Clark came in, feeling that the paper was at a crisis, and prepared for almost anything after his Monday morning experience. This was Thursday.
"Clark," said Norman, speaking slowly and carefully, "I have been looking at our advertising columns and have decided to dispense with some of the matter as soon as the contracts run out. I wish you would notify the advertising agent not to solicit or renew the ads that I have marked here."
He handed the paper with the marked places over to Clark, who took it and looked over the columns with a very serious air.
"This will mean a great loss to the NEWS. How long do you think you can keep this sort of thing up?" Clark was astounded at the editor's action and could not understand it.
"Clark, do you think if Jesus was the editor and proprietor of a daily paper in Raymond He would permit advertisements of whiskey and tobacco in it?"
"Well no—I—don't suppose He would. But what has that to do with us? We can't do as He would. Newspapers can't be run on any such basis."
"Why not?" asked Norman quietly.
"Why not? Because they will lose more money than they make, that's all!" Clark spoke out with an irritation that he really felt. "We shall certainly bankrupt the paper with this sort of business policy."
"Do you think so?" Norman asked the question not as if he expected an answer, but simply as if he were talking with himself. After a pause he said:
"You may direct Marks to do as I have said. I believe it is what Christ would do, and as I told you, Clark, that is what I have promised to try to do for a year, regardless of what the results may be to me. I cannot believe that by any kind of reasoning we could reach a conclusion justifying our Lord in the advertisement, in this age, of whiskey and tobacco in a newspaper. There are some other advertisements of a doubtful character I shall study into. Meanwhile, I feel a conviction in regard to these that cannot be silenced."

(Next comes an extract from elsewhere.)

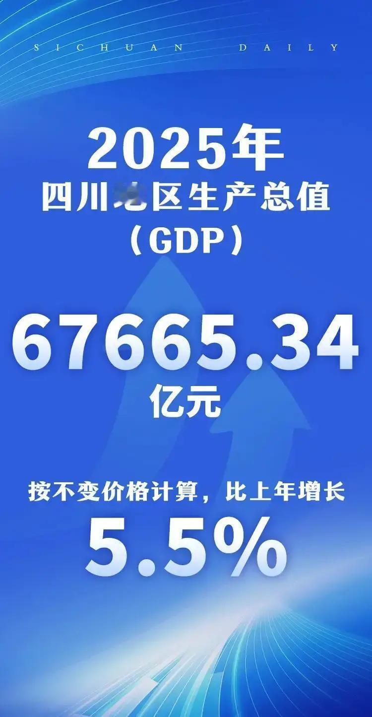 2025年四川经济交出一份扎实答卷,全省地区生产总值达到67665.34亿元,比上年增长5.5%。 这个增速跑赢了全国5.0%的平均水平,说明四川在复杂环境下稳住了阵脚。分产业第三产业贡献最大,增加值增长6.1%,服务业成为拉动经济的主力军;第二产业增长4.9%,工业底子依然厚实,尤其是规模以上工业增加值涨了6.5%,汽车产量时隔五年重回百万辆以上,新能源车、锂电池、工业机器人等新兴产品产量猛增,显示出制造业升级的势头很猛。第一产业稳中有进,增长3.7%,粮食蔬菜产量保持增长,保障了基本盘。 相比全国,四川的表现更突出,靠的是产业结构持续优化、新动能加速释放。尽管固定资产投资有所回落,但消费和服务业韧性强,整体经济运行稳中向好。这5.5%的增长不是靠单一领域硬撑,而是多点开花的结果,证明四川高质量发展路径走得对、走得实。未来继续抓牢新兴产业和内需潜力,四川经济底气会更足。四川城市排行 四川GDP
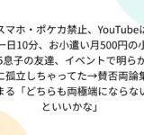 スマホ・ポケカ禁止、YouTubeは一日10分、お小遣い月500円の小5息子の友達、イベントで明らかに孤立しちゃってた→賛否両論集まる「どちらも両極端にならないといいかな」

Clark went back to his desk feeling as if he had been in the presence of a very peculiar person. He could not grasp the meaning of it all. He felt enraged and alarmed. He was sure any such policy would ruin the paper as soon as it became generally known that the editor was trying to do everything by such an absurd moral standard. What would become of business if this standard was adopted? It would upset every custom and introduce endless confusion. It was simply foolishness. It was downright idiocy. So Clark said to himself, and when Marks was informed of the action he seconded the managing editor with some very forcible ejaculations. What was the matter with the chief? Was he insane? Was he going to bankrupt the whole business?
But Edward Norman had not yet faced his most serious problem. When he came down to the office Friday morning he was confronted with the usual program for the Sunday morning edition. The NEWS was one one of the few evening papers in Raymond to issue a Sunday edition, and it had always been remarkably successful financially. There was an average of one page of literary and religious items to thirty or forty pages of sport, theatre, gossip, fashion, society and political material. This made a very interesting magazine of all sorts of reading matter, and had always been welcomed by all the subscribers, church members and all, as a Sunday morning necessity. Edward Norman now faced this fact and put to himself the question: "What would Jesus do?" If He was editor of a paper, would he deliberately plan to put into the homes of all the church people and Christians of Raymond such a collection of reading matter on the one day in the week which ought to be given up to something better holier?